Ash is very important to traditional basketry, and ash trees need to be a certain size before being used in basket weaving. “If the ash is all gone there is no replacement for this resource. When you lose the resources, you lose the cultural practice that goes with it,” said Raspitha.

Three people planting trees.
St. Regis Mohawk Tribe Land Resources staff planting trees as part of the ash canopy loss restoration project. Courtesy photo by Normand Genier, Environment Division tribal forester, Saint Regis Mohawk Tribe.

Roughly 360 ash trees were taken down after the detection and another 360 trees and shrubs from 26 species, including American hornbeam, eastern red bud, red maple and black tupelo, were later planted in their place. Just under half those trees came from the local tribal tree nursery, which is intended to meet all restoration needs for native trees and shrubs.

The pandemic significantly affected initial restoration efforts, Raspitha said. “When COVID started, almost all our staff was laid off. In 2020, only my supervisor and I were left. We couldn’t keep up with all the work that needed to be done. The summer of 2020 was particularly dry, and we had a tough time keeping up with watering the newly planted trees. Of the 360 trees for this project, we had some mortality and those that died were replaced in 2021.”

Map shows sites where trees effected by emerald ash borer were removed. Map shows highway Route 37 corridor in upstate New York.
This map shows project planting sites located along the highway Route 37 corridor where affected trees were removed. Map courtesy of Saint Regis Mohawk Tribe.  

The tribe is keeping some of the ash in place for later use and for the purpose of collecting seeds.
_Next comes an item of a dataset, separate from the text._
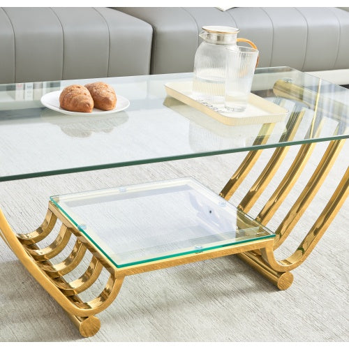 Product Name:47" Rectangle Modern Stainless Steel Coffee Table, Double-Layer Clear Tempered Glass Coffee Table, Center Table Table with Storage, for Living Room Home Office, Easy Assembly, Gold
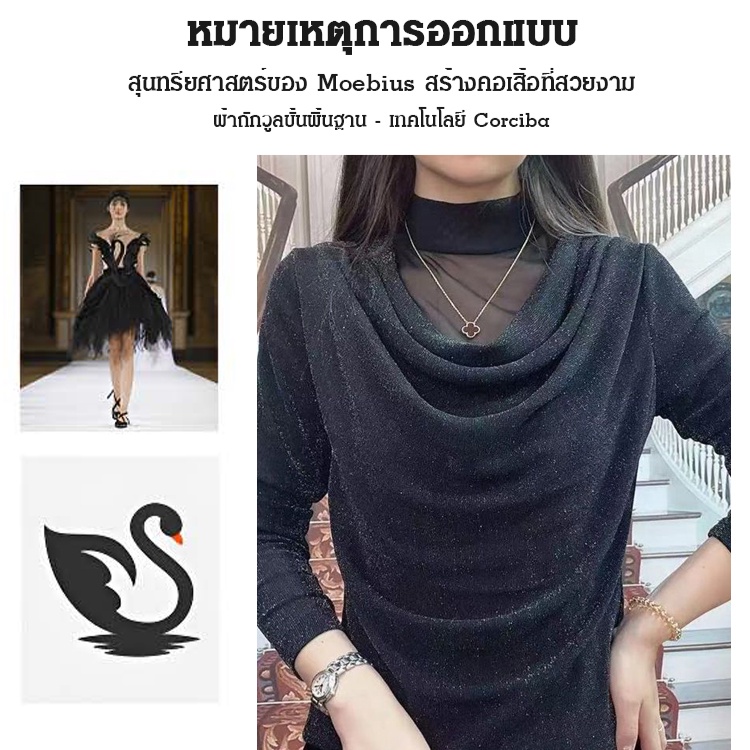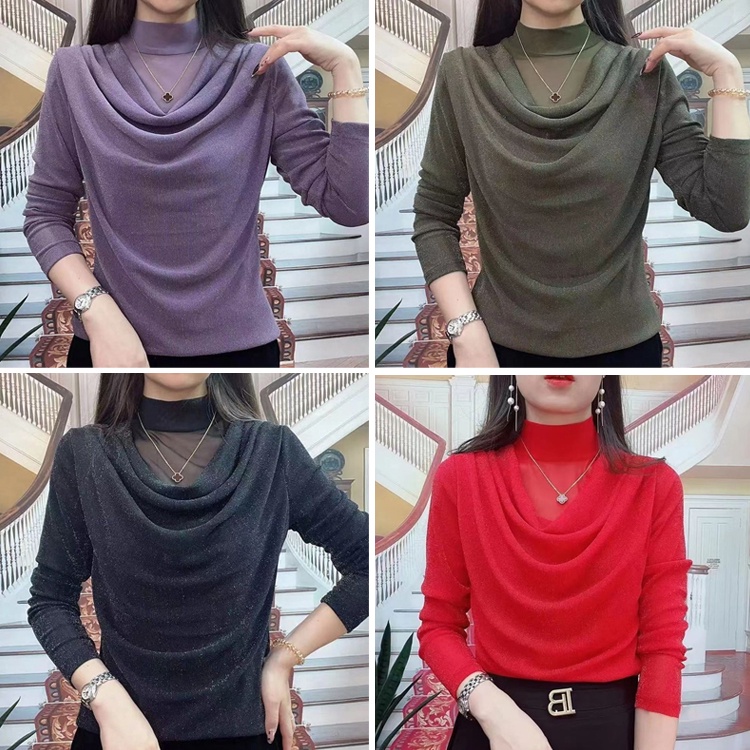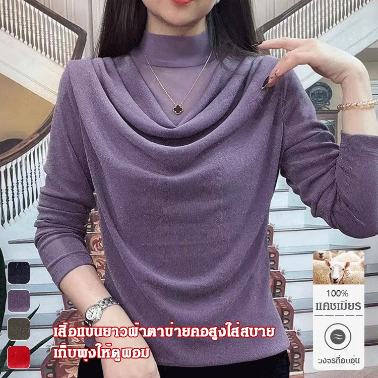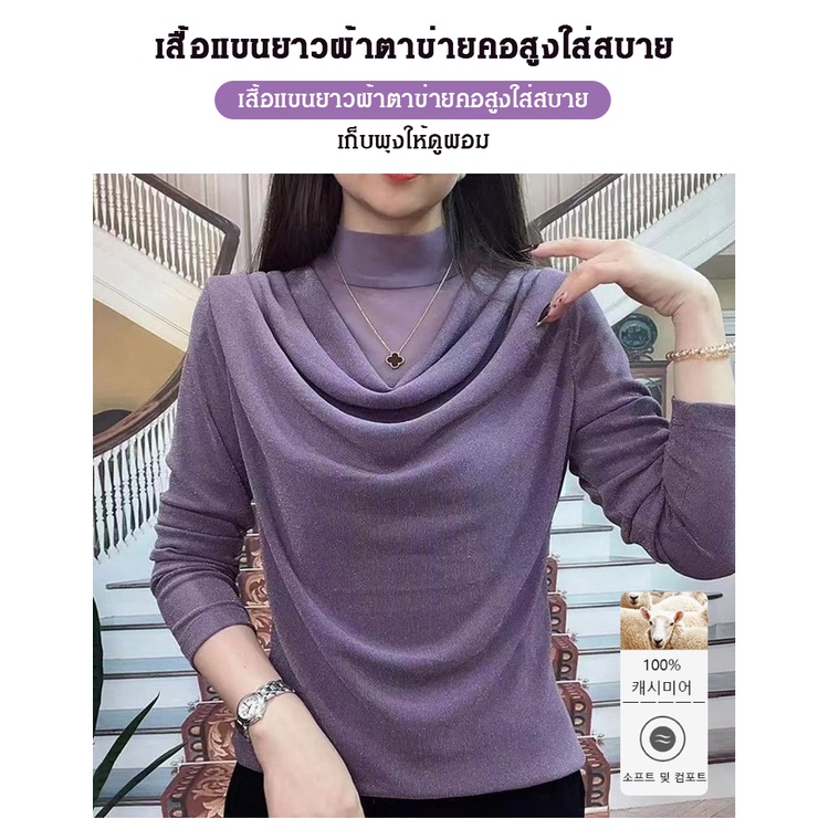【🔥🔥ขายดี】เสื้อเชิ้ตแขนยาวผู้หญิงฤดูใบไม้ผลิฤดูใบ คอเต่า ผ้าตาข่าย เสื้อเชิ้ตผ้าชีฟองทรงหลวมเรียบหรู

They started treating some ash through insecticide and bio-controls such as a parasitoid wasp that preys on EAB. The tribe did its first wasp release two years ago in partnership with APHIS, the New York Department of Environmental Conservation, and the Forest Service.

Forest Service watershed forester and grant monitor for this project Karl Honkonen said, “This ash canopy replacement project was well executed by tribal staff during a challenging time due to pandemic restrictions. The diversity of newly planted trees will help restore water quality and provide many other ecosystem services within the Lake Ontario Watershed.”

This story is part of a series and highlights one of the 14 common themes identified in the 2020 Eastern Region State Forest Action Plan summary report. The theme for April 2023 is Forest Health.